A system consisting of a rigid body plus the Earth can indeed have internal energy such as gravitational potential energy. But then a system consisting of a rigid body plus the Earth is not a rigid body.

 

[Chandra Prayaga]

Agreed.

 

[Dale]

@Dale why does a rigid body has no other form of energy other than K.E.?

A rigid body has no other forms of internal energy because it has no internal degrees of freedom. More exactly, there can be no change in internal energy because there are no internal degrees of freedom available to be changed.

 

[donaldparida]

@Dale What if the body is non-rigid?What will be the relation between work and Energy in that case?

 

[jbriggs444]

@Dale What if the body is non-rigid?What will be the relation between work and Energy in that case?

In the case of a non-rigid object (or a rotating object) one can distinguish between the work computed by force times parallel distance moved by the point of application and "pseudo-work" or "center of mass work" computed as force times parallel distance moved by the center of mass of the object. The latter will give you the increment to the object's bulk kinetic energy of linear motion. The former will give you the increment to total energy of all forms.

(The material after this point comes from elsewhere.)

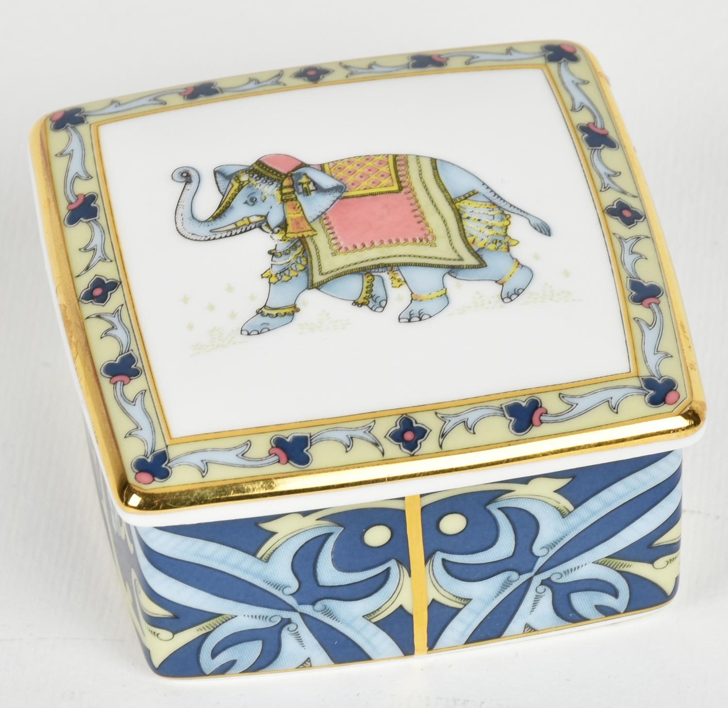 manifattura Wedgwood, in porcellana decorata a motivi geometrici ed elefante sul coperchio, 'Bone China'

So, for instance, if you stretch a rubber band by pulling both ends, the "center of mass" work is zero. The center of mass is not moving and the net force is zero. But if you compute the work done by your right hand on the right end of the rubber band, that's positive. If you compute the work done by your left hand on the left end of the rubber band, that's also positive. Work has been done and internal energy has been stored in the rubber band.

 

[sophiecentaur]

@Dale What if the body is non-rigid?What will be the relation between work and Energy in that case?

Then it has internal energy states and the situation is different.

 

[Dale]

@Dale What if the body is non-rigid?What will be the relation between work and Energy in that case?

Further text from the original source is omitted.